Он откинул со лба прядь темных волос и решительно двинулся в ее номер.
- Мне кажется, что здесь что-то произошло? Я Ваш сосед по коридору, вернулся ночным поездом из Петербурга и только начал дремать, как услышал Ваш голос...
Может быть, Вы успокоитесь, и расскажите, что случилось?
Неожиданно для себя, Варя прониклась доверием к этому высокому нескладному человеку в очках, который уже удобно устроился в ее кресле. Она начала говорить. По мере ее рассказа лицо незнакомца стало приобретать застывшее выражение.
- Вы позволите воспользоваться Вашим телефоном?
Она растеряно кивнула. Он набрал номер, но трубку долго не брали - видимо хозяин телефона видел десятый сон.
Наконец, послышалось хриплое: "Хэлло!"
Варин посетитель заговорил по-английски - требовательно, настойчиво. Окончив разговор, еще раз позвонил - на этот раз тон был более мягким и просительным.
- Сейчас к Вам прейдут гости, не возражаете? - наконец, спросил он ее.
Варя изумленно смотрела на нового знакомого.

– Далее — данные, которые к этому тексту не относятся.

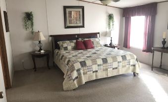 Very nice home includes a large kitchen/dining area with a breakfast nook. Large living room with a wood burning stove. We offer free Wi-Fi and there is a 50” Smart TV with Firestick. Three spacious bedrooms that will sleep 8 comfortably with room for setting up the portable queen size bed for added sleeping. Each bedroom has a digital clock with a USB port and charging station for docking your cell phone. Laundry room is well stocked for use during your stay. There is a large, beautiful deck for warm weather enjoyment. A Gas Grill and a Fire Pit for your enjoyment. There is a 2 acre lake for fishing (and you are allowed to keep whatever you catch), swimming & kayaking! No fireworks are allowed. No Smoking or Vaping allowed in the home ($250 fine if it happens) you can do so outside.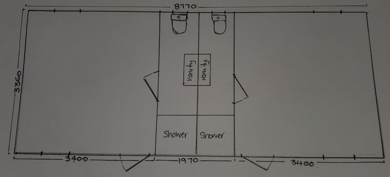 Dimensions for double block : Width 3360m - Length 8770m

Через несколько минут в комнату протиснулся почти двухметровый швед, не знающий не слова по-русски.
- Это мой друг Питер, он ученый, как и я - представил великана Варин сосед.
Мужчины оживленно заговорили между собой, поглядывая на Варю, видимо разговор шел о ней. Спустя еще немного времени в комнату вошла пожилая дама, лицо которой выражало крайнее возмущение: она немедленно пожелала услышать о причине ночного происшествия. Когда все точки над "и" были расставлены, Варин сосед весело улыбнулся, поглядывая на часы.
- А теперь будем ждать Вашего "милого" визави - пояснил он.
Внезапно ей стало смешно и если бы не боязнь сорваться в истерику, она бы расхохоталась - таким нелепым показалось ей создавшееся положение.
Без пяти шесть в дверь постучали - на пороге возник следователь с неподвижными зрачками. Его тонкие губы сжались, а голубые глаза стали серыми, когда он увидел полную комнату людей.
- Вы готовы ехать? - вкрадчиво спросил он.
- Она никуда не поедет - парировал Варин сосед.
- С кем я говорю?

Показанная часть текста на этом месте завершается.